Author Name : G. Karthikeyan , K. Suresh
Copyright: ©2025 | Pages: 31
DOI: 10.71443/9789349552111-16
Received: 29/09/2024 Accepted: 28/12/2024 Published: 17/03/2025
The integration of IIoT with predictive maintenance has transformed autonomous manufacturing by enhancing system reliability, minimizing downtime, and optimizing operational efficiency. The scalability and interoperability of IIoT-driven predictive maintenance systems remain critical challenges due to the heterogeneity of industrial assets, real-time data processing constraints, and cybersecurity vulnerabilities. This book chapter presents a comprehensive framework for scalable and interoperable IIoT-enabled predictive maintenance, addressing key aspects such as edge and fog computing, AI-driven resource allocation, and graph-based analytics for complex failure prediction. The chapter explores middleware solutions for seamless interoperability, resilience mechanisms for fault-tolerant security architectures, and autonomous edge-orchestrated maintenance strategies. It examines advanced data management techniques that enhance predictive analytics while ensuring cybersecurity and data integrity in large-scale industrial environments. By integrating cutting-edge advancements in AI, distributed computing, and blockchain, the proposed methodologies enhance the adaptability and security of IIoT-based predictive maintenance in smart factories. This chapter provides valuable insights into overcoming scalability and interoperability challenges, paving the way for robust, intelligent, and secure maintenance ecosystems in next-generation autonomous manufacturing.
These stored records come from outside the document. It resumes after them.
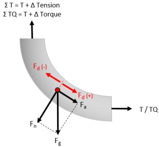 Then tension increase for each element is calculated from the axial force (Fa) for that element (corrected for the drilling fluid buoyancy factor). In addition, the drag force (Fd) is calculated from the normal force and the friction factor:
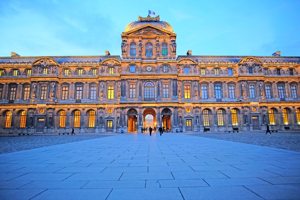 昼とは趣を変えた夜間開館のルーブル美術館へ。来館者が比較的少ない時間帯に、名作の数々を落ち着いて鑑賞します。美術館を出ると、パリの夕景が出迎えてくれることでしょう。
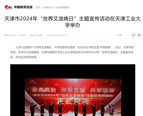 中国教育在线丨天津市2024年“世界艾滋病日”主题宣传活动在天津工业大学举办
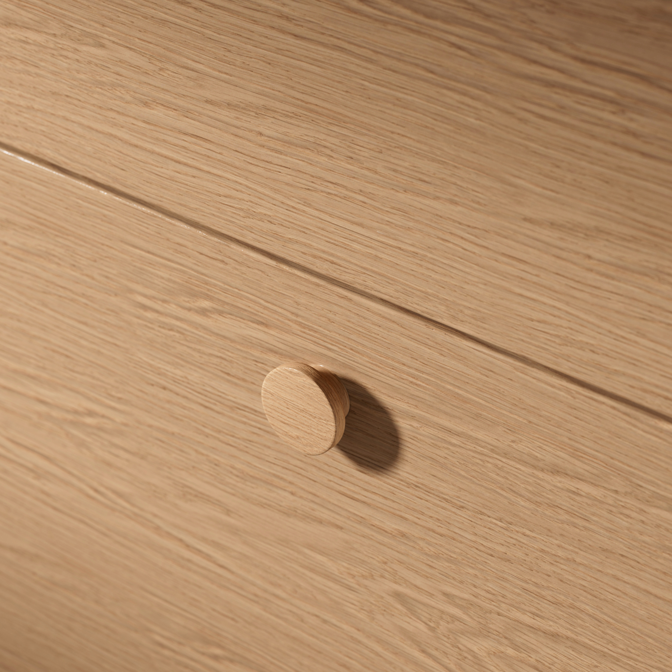 Knopp INR Dot 50 mm. Runt trähandtag i Natural Oak och Dark Oak.
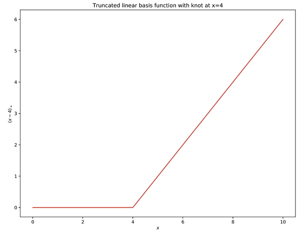 樣條的一個例子是下面的截斷線性函數。它在4的左邊是平的,稱為函數的結。
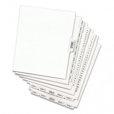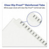 Use these dividers to organize index briefs, legal exhibits, mortgage documentation files and more. The crisp and clean white paper stock dividers give files a professional appearance. The durable Rip Proof™ reinforced tabs are preprinted on both sides so information can be located easily. The unpunched binding edges mean these indexes can fit practically any binding system.
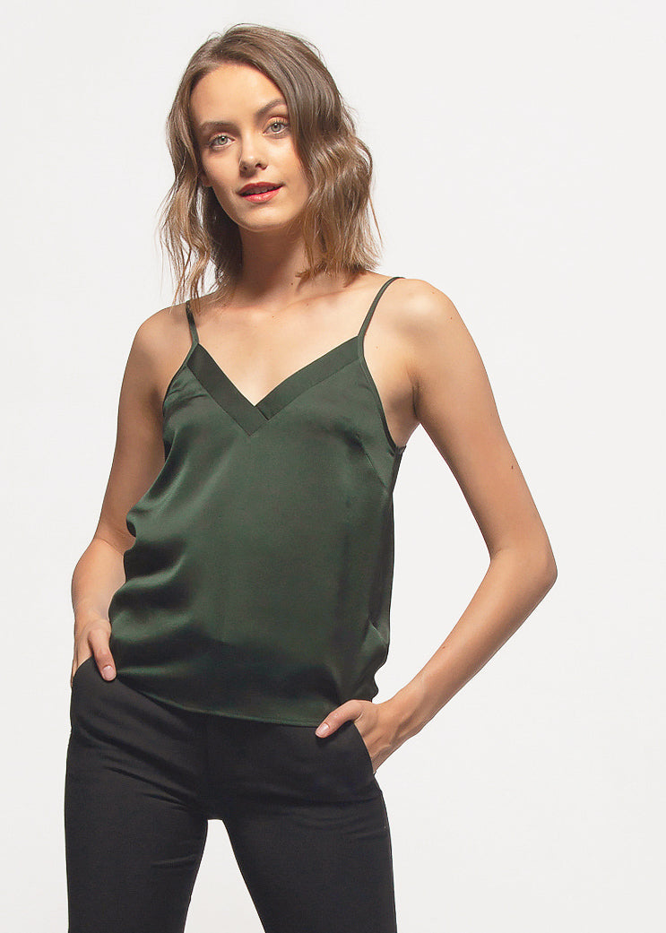 V-neck Satin Camisole in Hunter Green by Shop at Konus
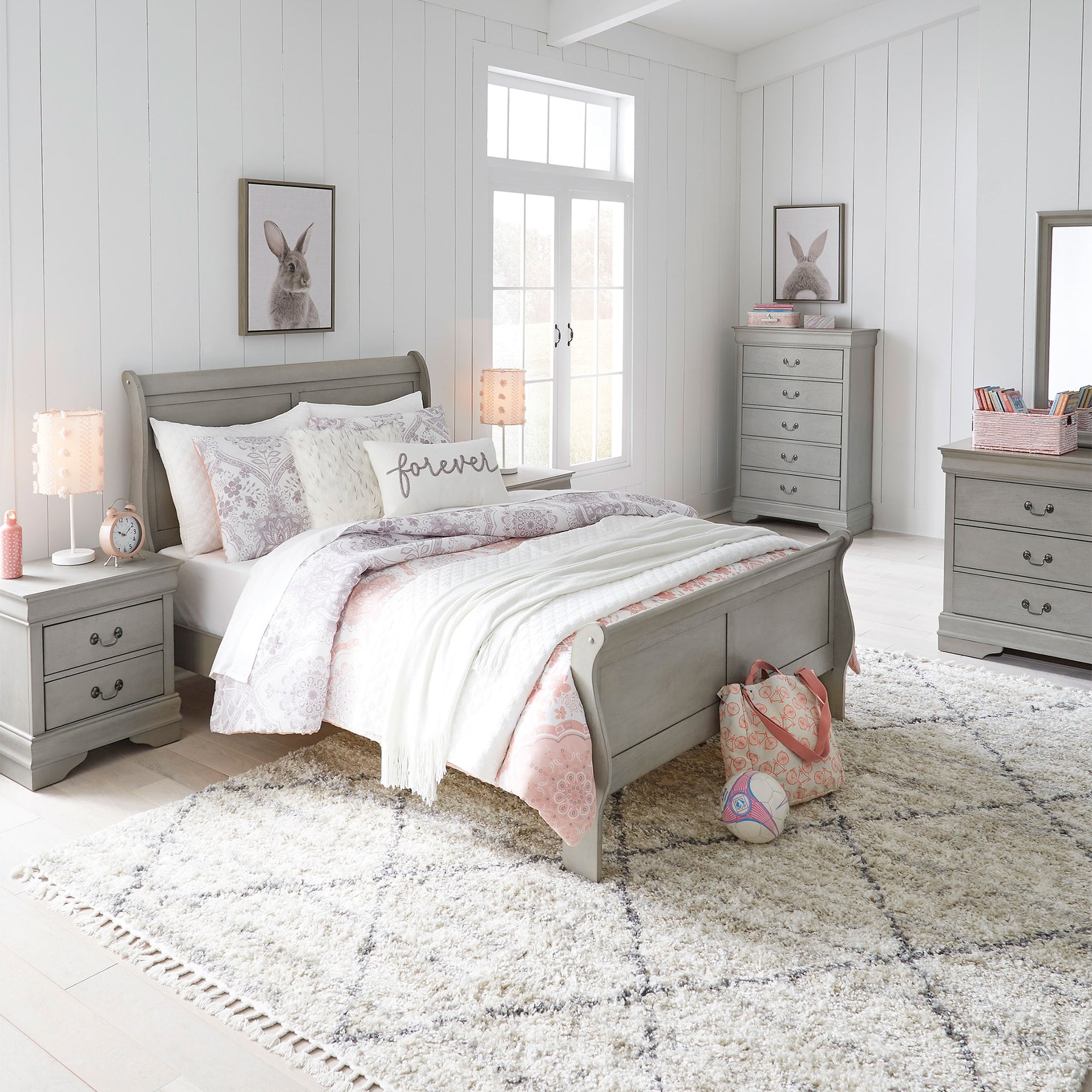 Ageless elegance isn’t far from reach with this bedroom package. The set’s trend-right dove gray color provides a dash of modern style. The stylish sleigh bed design brings extra drama, while antiqued bronze-tone hardware creates added elegance. This tasteful set will have you sleeping and storing like royalty.

The advent of the IIoT has redefined predictive maintenance in autonomous manufacturing by enabling real-time monitoring, data-driven decision-making, and proactive fault prevention [1]. Traditional maintenance strategies, such as reactive and preventive approaches, often lead to unnecessary downtime, increased operational costs, and inefficient resource utilization [2,3]. In contrast, predictive maintenance leverages IIoT sensors, machine learning models, and big data analytics to forecast equipment failures before occur, thereby optimizing maintenance schedules and improving asset reliability [4]. Implementing scalable and interoperable IIoT-driven predictive maintenance systems presents significant challenges due to the heterogeneity of industrial environments, the complexity of data integration, and the need for real-time decision-making under resource constraints [5,6]. Addressing these challenges requires advanced architectural frameworks capable of handling high-frequency sensor data, intelligent workload distribution, and secure data exchange across diverse industrial networks [7].
Scalability was a fundamental requirement for IIoT-based predictive maintenance systems, as industrial environments generate vast amounts of high-velocity data from numerous interconnected devices [8]. Centralized cloud-based architectures often struggle with processing large-scale industrial data in real-time, resulting in latency issues and inefficient utilization of computational resources [9]. To overcome these limitations, distributed computing paradigms such as edge and fog computing have been introduced, allowing data processing to be performed closer to the source [10,11]. Edge computing enables localized decision-making by analyzing sensor data in real-time, reducing dependence on cloud infrastructure and ensuring minimal latency [12]. Additionally, AI-driven resource allocation techniques optimize computational efficiency by dynamically distributing workloads across edge and cloud environments [13]. These advancements enhance system responsiveness and support the seamless scalability of predictive maintenance solutions in complex industrial settings [14].